Man gewinnt S. aus zahlreichen, sehr verschiedenen Pflanzen, von denen Weizen, Kartoffeln, Reis (Bruchreis aus den Reisschälfabriken)
und Mais besonders wichtig sind. Wichtige Objekte des Handels sind außerdem: Sago, Marantastärke (Arrowroot), brasilische
Maniokstärke, ostindische Kurkumastärke und Kannastärke, letztere beiden ebenfalls als Arrowroot im Handel. Zur Darstellung der
Kartoffelstärke werden die Kartoffeln, welche etwa 75 Proz. Wasser, 21 Proz.
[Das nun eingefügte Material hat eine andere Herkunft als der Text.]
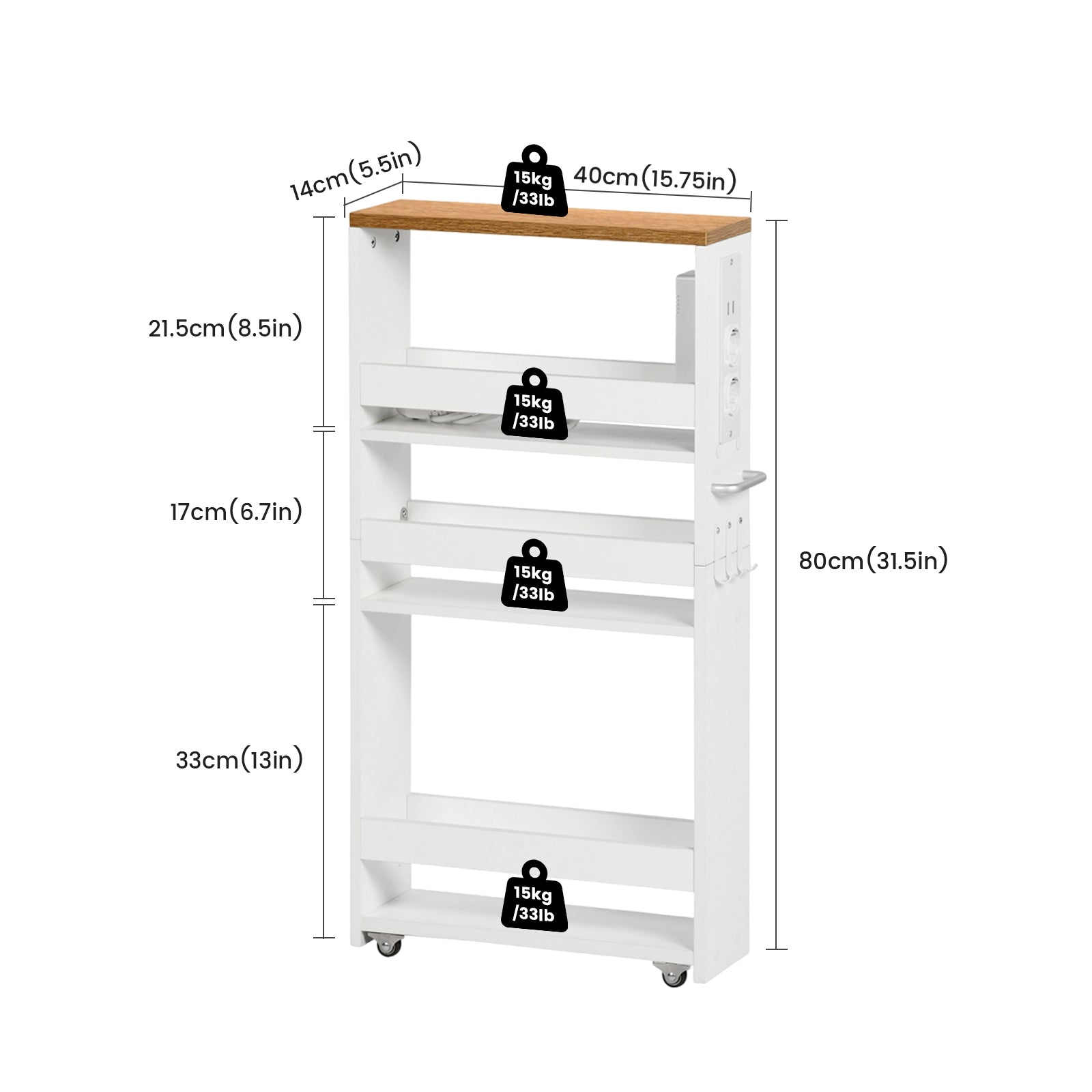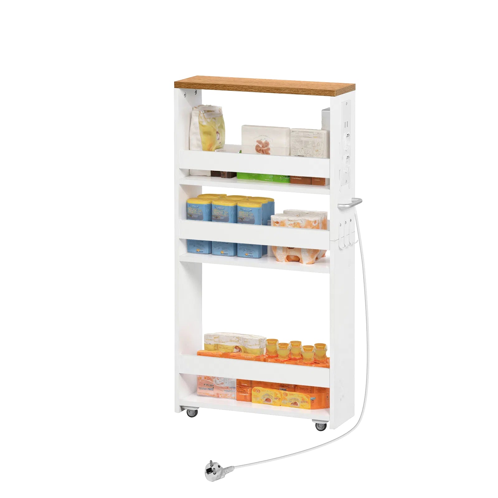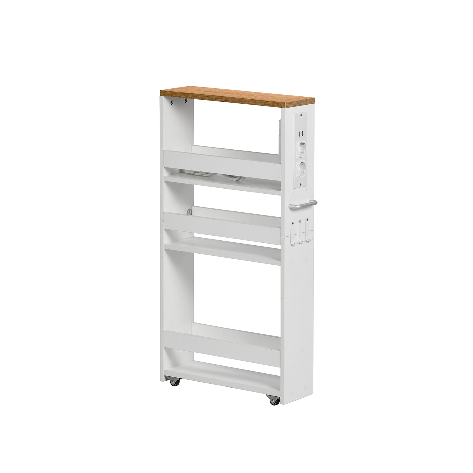 Dieser 4-stöckige Aufbewahrungswagen ist für enge Räume konzipiert und verwandelt Küchen, Bäder und andere kompakte Bereiche mühelos in übersichtliche und aufgeräumte Bereiche. Dank der vier drehbaren Rollen lässt er sich mühelos in jede Position bewegen, sodass Sie schnell auf Ihre Gegenstände zugreifen können. Die integrierte Steckdosenleiste sorgt für zusätzlichen Komfort. Er passt perfekt neben Küchenschränke, Kühlschränke oder in andere schmale Bereiche und nutzt so den verfügbaren Platz optimal aus.

S. und 4 Proz. andre Substanzen enthalten, auf schnell
rotierenden Cylindern, die mit Sägezähnen besetzt sind, unter Zufluß von Wasser möglichst fein zerrieben, worauf
man den Brei, in welchem die Zellen möglichst vollständig zerrissen, die Stärkekörner also bloßgelegt sein sollen, aus
einem Metallsieb, auf welchem ein Paar Bürsten langsam rotieren, unter Zufluß von Wasser auswäscht. Bei größerm Betrieb
benutzt man kontinuierlich wirkende Apparate, bei denen der Brei durch eine Kette allmählich über ein langes,
geneigt liegendes Sieb transportiert und dabei ausgewaschen und das
^[Abb.: Fig. 1. Formen von Stärkemehlkörnern aus der Kartoffel: a mit einem Kern, b mit zwei Kernen.
Fig. 2. Verschiedene Formen der Stärkemehlkörner: links aus der Roggenfrucht, daneben ein zusammengesetztes
Korn aus dem Stempel der Sassaparille, bei b und c aus dem Milchsaft von Euphorbia splendens.]